Every line from the line containing "Motorcycle 60th &" through the end of the data is to be reproduced exactly, excluding pictures.

**Provided material:**
****************************************

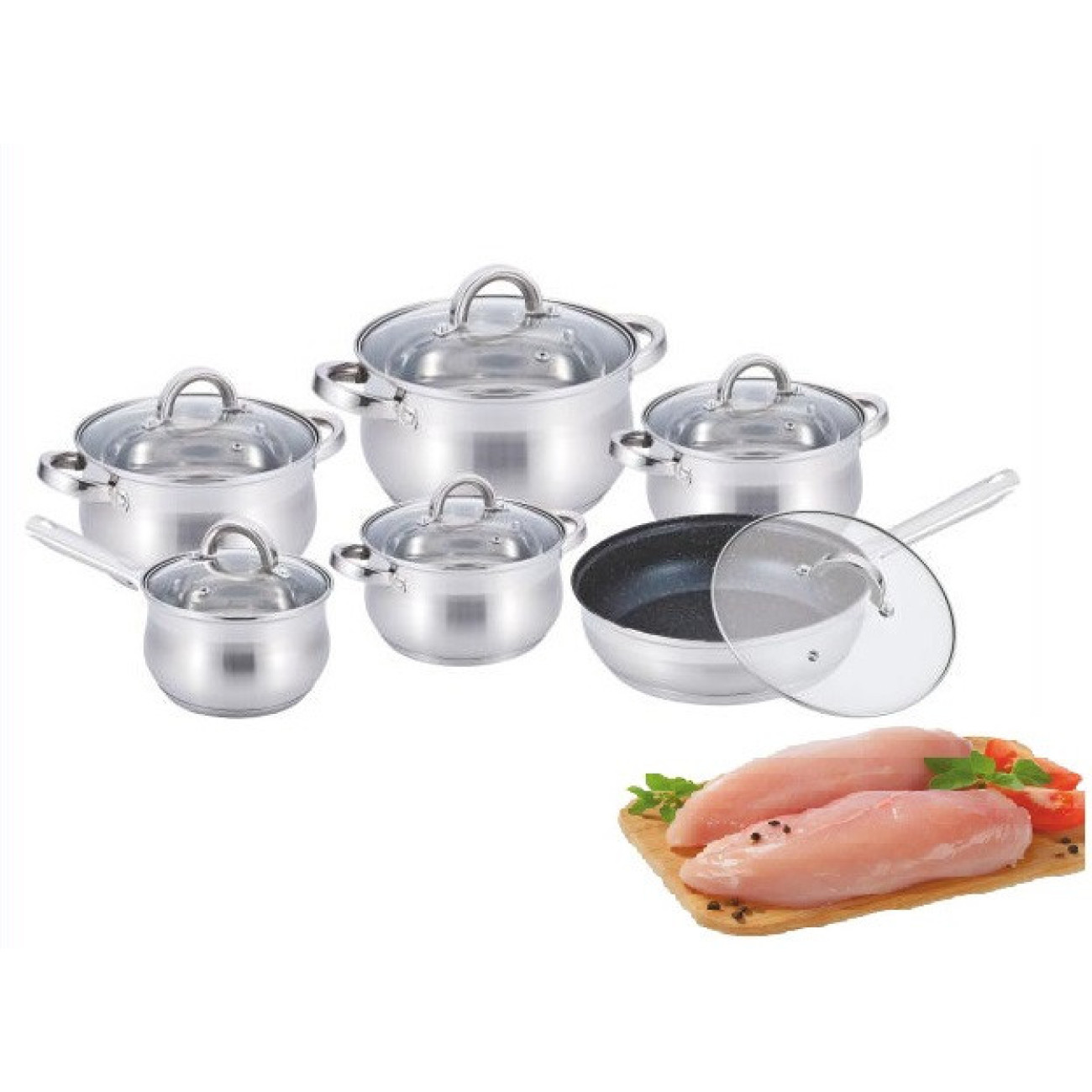 Основні характеристики Набір каструль 12 пр. Нерж 2,1л; 2,1л; 2,9л; 3,9л; 6,5 л +сковорода 24 см BN 212 (2 шт./яск.)
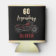 Motorcycle 60th & Legendary Birthday Biker Party Can Cooler. Bold motorcycle-themed birthday party! Featuring a striking vintage motorbike illustration and a black background, this design is perfect for any biker fan. Personalize with your name. Ideal for milestone birthdays, biker club parties, or anyone who loves life on two wheels.
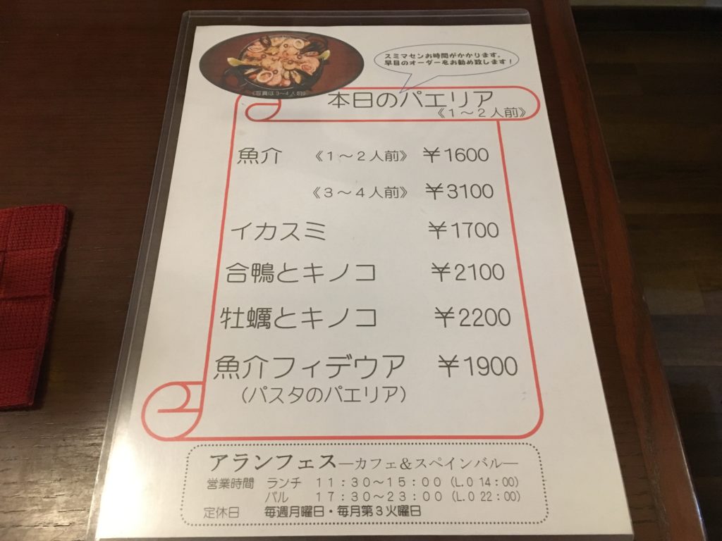 「上田市 スペイン料理」で検索したところ、「アランフェス」がヒットしたのです。
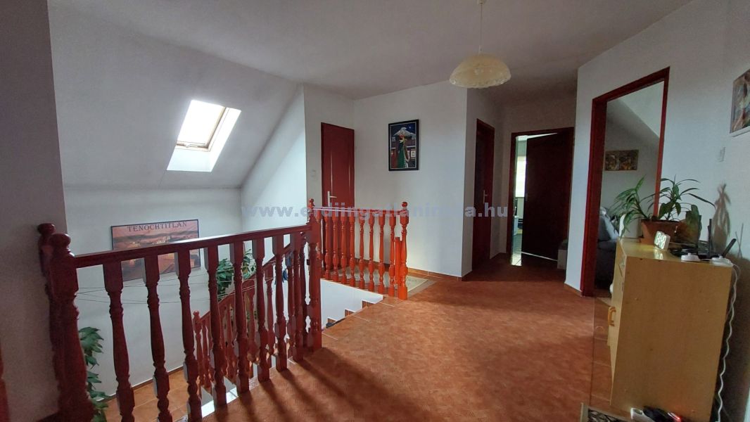 A felső szint 116 m2 (minimum 1,9 m-es belmagassággal számítva is 91 m2). Közlekedő folyosóról nyílóan 6 hálószoba, fürdőszoba, kézmosó-WC helyiségek találhatók itt.

****************************************

**Output for this exercise:**
 Motorcycle 60th & Legendary Birthday Biker Party Can Cooler. Bold motorcycle-themed birthday party! Featuring a striking vintage motorbike illustration and a black background, this design is perfect for any biker fan. Personalize with your name. Ideal for milestone birthdays, biker club parties, or anyone who loves life on two wheels.
 「上田市 スペイン料理」で検索したところ、「アランフェス」がヒットしたのです。
 A felső szint 116 m2 (minimum 1,9 m-es belmagassággal számítva is 91 m2). Közlekedő folyosóról nyílóan 6 hálószoba, fürdőszoba, kézmosó-WC helyiségek találhatók itt.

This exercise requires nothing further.